SPEAK YOUR TRUTH
WHAT IS YOUR TRUTH?
What does it mean to Speak Your Truth? Truth telling is the practice of honestly expressing our ideas, opinions, and making direct requests with the expectation that we will be acknowledged. The desire to be known, appreciated, and included are universal relationship bonds. The human motivator of being significant influences how we express ourselves. Our fundamental need to be accepted may taint our truth telling and limit our honesty. Reflect on how you may conceal your rightful feelings or disguise sincere beliefs.
Shakespeare said, “To thine own self be true.” What does it mean to be true to yourself? Acknowledging our feelings and expressing our unique gifts are ways to be true to ourselves. When I ask clients to describe their strengths, often they begin with identifying their weaknesses. I will gently guide them back to the original question of their strengths and frequently silence permeates the room. They pause because most of us scarcely spend any time reflecting on our positive value. The drive for constant improvement requires us to focus on what is wrong or what needs to be “fixed”. I remind clients that you “fix” things, not people. Seek to appreciate your unique strengths and talents, then express your heartfelt truth.
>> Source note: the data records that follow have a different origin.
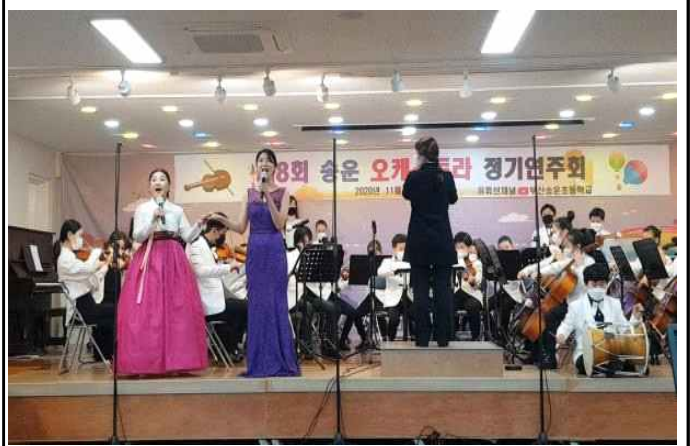
초등 방과후 동아리 활동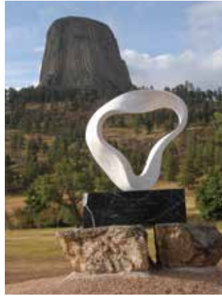
ネイティブアメリカンの聖地 ワイオミング州デビルスタワー 永久設置モニュメント Permanent installation at the Devils Tower (First National Monument), Wyoming, U.S.A.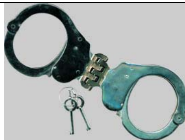
Handschelle Cuff mit Breitscharnier Art.-Nr.: 4420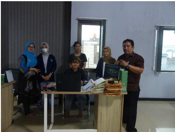
Gambar 6. Persiapan Tim PkM dan Sebagian Peserta Pelatihan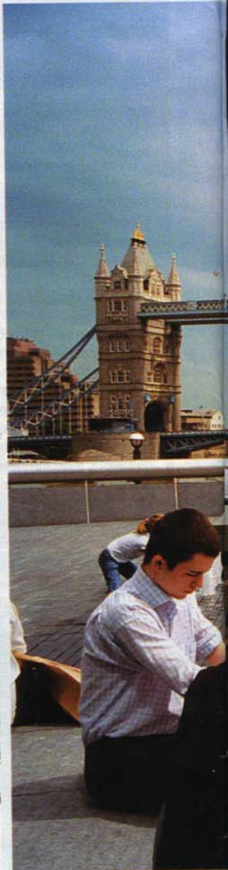
Stoccolma, il Freizeit Park. A destra: giovani manager in pausa pranzo davanti al City Hall, a Londra, disegnato da Foster and Partners

Esiste da qualche parte una terra incantata dove le donne affollano il Parlamento, dirigono aziende e tornano a casa ad allattare i figli. Un paese dove i treni sfrecciano a 300 all'ora già da 15 anni e arrivano puntuali al minuto. Uno dove i ventenni non sono considerati ragazzini, ma manager in carriera e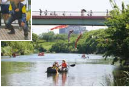
▼カヌーを楽しむ会 (5月)の様子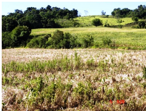
Fig. 9: Início da formação de ravinas com a vegetação de mata e os campos de savana com cultivos na borda do planalto.

Estas terras comportariam alguns cultivos perenes específicos e silvicultura, em uma agricultura não tecnificada (classe VII-1se de capacidade de uso das terras). A situação vigente, que tende a se perpetuar, é a de uma agricultura de pequenos camponeses, onde cultivos perenes pouco a pouco poderão ser introduzidos, além dos cultivos anuais necessários à sobrevivência das famílias.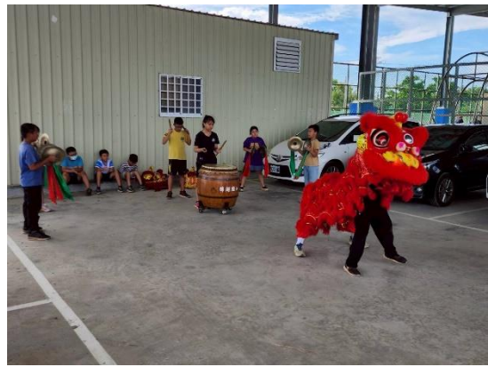
說明：醒獅戰鼓社團練習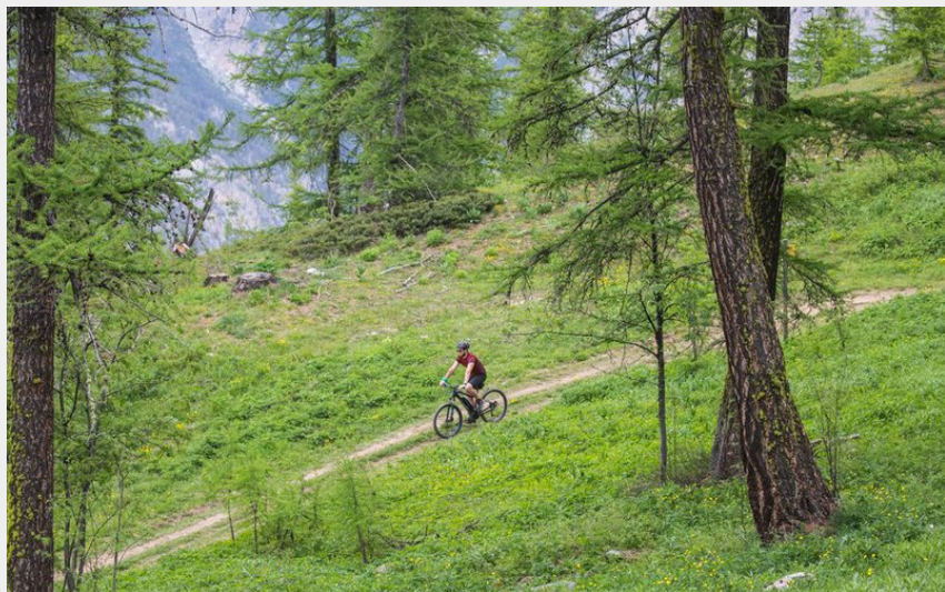
Grandes Têtes (Thibaut Blais)

CC du Pays des Ecrins - Puy-Saint-Vincent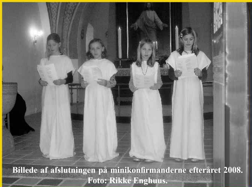
Billede af afslutningen på minikonfirmanderne efteråret 2008.

Minikonfirmander fra 4. klasse på Stige Skole og Stige Friskole kan begynde i Stige Sognehus til efteråret. Vi afslutter med en familiegudstjeneste, hvor minikonfirmanderne deltager 2. søndag i advent d. 6. december i Stige Kirke.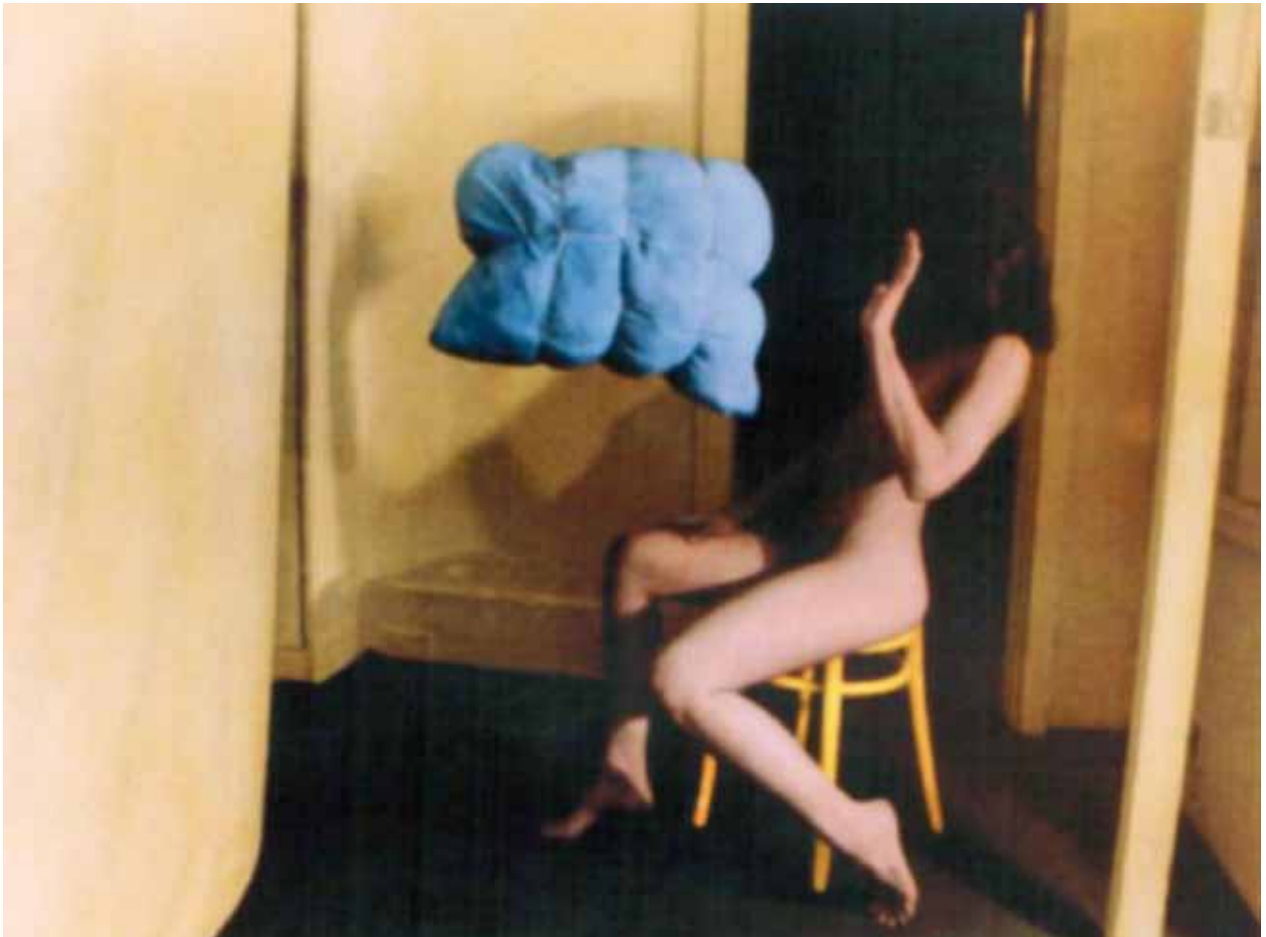
Blaue Wolke , 1979 Gloria Friedmann autoportrait photographie couleur 70 x 60 cm collection de l'artiste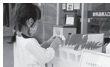
▲ 昨年の街頭募金の様子

災害等準備金として、大規模災害等の発生に対応するための準備金として積み立てています。東日本大震災時には、南相馬市でも大きな支援をいただきました。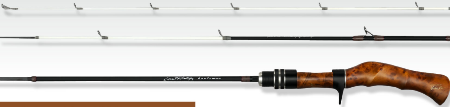
Seat spacer & Handle : 楠 Golden Camphorwood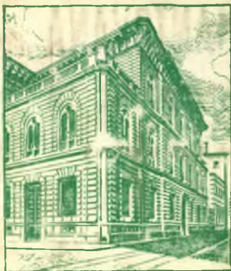
Il Palazzo della Direzione Centrale in Via Monte di Pietà 8 a Milano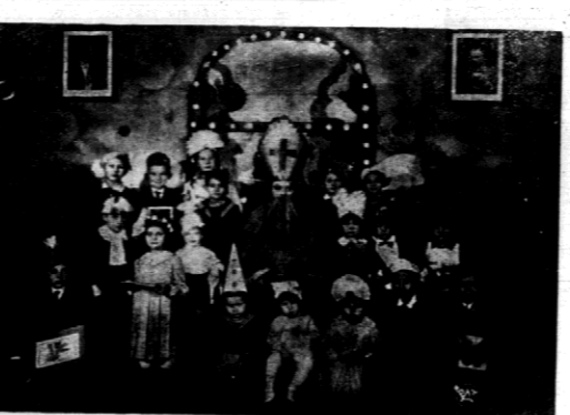
Od paru lat w Płocku wskrzeszono jst prastary polski zwyczaj obchodu św. Mikołaja, patrona dzieci. Zwyczaj ten wprowadził Miejskowy Związek Pracowników Miejskich, urządzając w swej świetlicy tradycyjny obchód.

Question: What are your strengths?
SELF-INQUIRY LEADS TO SELF-DISCOVERY WHICH LEADS TO YOUR TRUTH
Self-inquiry and confidence are interconnected companions on the journey to discovering our truth. Through self-reflection we gain deeper personal insights that help us value ourselves and build confidence. When we are confident, we authentically express our needs, wants, and desires. Saying “yes” to our uniqueness launches the honest quest for self-acceptance and disclosure. The invitation to appreciate our true essence gently silences our inner critic and gives way to our most treasured self.
The process of self-inquiry encompasses taking inventory of values, beliefs, passions, and actions.
Reflect on the following questions of self-inquiry to uncover your deepest truth.
Values: What are my deepest held values? What drives my life decisions? What would I sacrifice?
Beliefs: What do I believe in? What are my operating principles? What do I know about myself?
Passions: What inspires my creativity? What awakes my compassion? What stirs my anger? What is my success?
Actions: What actions have I taken that have changed my life? What future actions do I want to take?
The greatest and most defining question of all is “How do I love?”
Question: What do I love without question?
THE TRUTH TAKES COURAGE
Self-inquiry and confidence are the foundational components of speaking your truth. Another cornerstone of truth telling is courage. Courage to stand up to a critic or make a different choice than what others wanted for us can be challenging. Our beliefs about how we should react during difficult situations influences our actions. Most of us will sacrifice expressing our truth out of concern for hurting others or fear of rejection. The dread of being negatively judged strikes at our vulnerable core so we silence our inner power. Expressing our ‘truth’ requires courage to claim our true worth and confidently give voice to our authentic self.
When I decided to go to college, my parents did not want me to pursue higher education as they thought I was being selfish. After informing my counselor about my parents’ concerns, he shared with me that sometimes self-care can be confused with selfishness. He eloquently acknowledged that in the short run an action may be perceived as selfish, but when the greater impact is assessed it can truly be an act of self-care. At times, we label ourselves as selfish and limit our possibilities. If we paused and reflected on future results of our decisions, we would realize that taking care of ourselves may not be selfish but beneficial to many people.
Question: When have I had the courage to standup in a difficult situation?
TRUTH ABOUT SAYING “NO”
Difficulty saying “no” is frequently a stumbling block to speaking our truth. I have observed many successful people challenged by honestly responding “no” to a request. Instead they sacrifice their plans, reputation, and relationships to avoid real or perceived consequences to saying “no”. Choosing to not investigate, question, or negotiate alternatives is driven by multiple factors. A few motivators include the desire to maintain a reputation as the dependable ‘go to person’, or not disappointing others, or difficulty challenging authority, or purely the fear of being negatively judged. We become trapped in the burden of ‘yes’ resulting in wasted energy and time.
Self-honesty is the key to unlocking our truth and negotiating mutually beneficial outcomes. Self-honesty requires assessing reality and asking if there are alternative options. Shifting from fear of rejection to objective facts paves the way for productive dialogue. A simple technique to delay the automatic “yes” reply is to acknowledge the request, then state “let me get back to you”. This strategy allows time to evaluate options and navigate desired results. Keep in mind that most agreements are negotiable. Saying “no” sometimes is a gift. We can save time, resources, and heartache with a direct “no” versus trying to be nice by postponing our inevitable “no”.
Speak your truth—it benefits everyone.
Question: How will saying “no” change your life?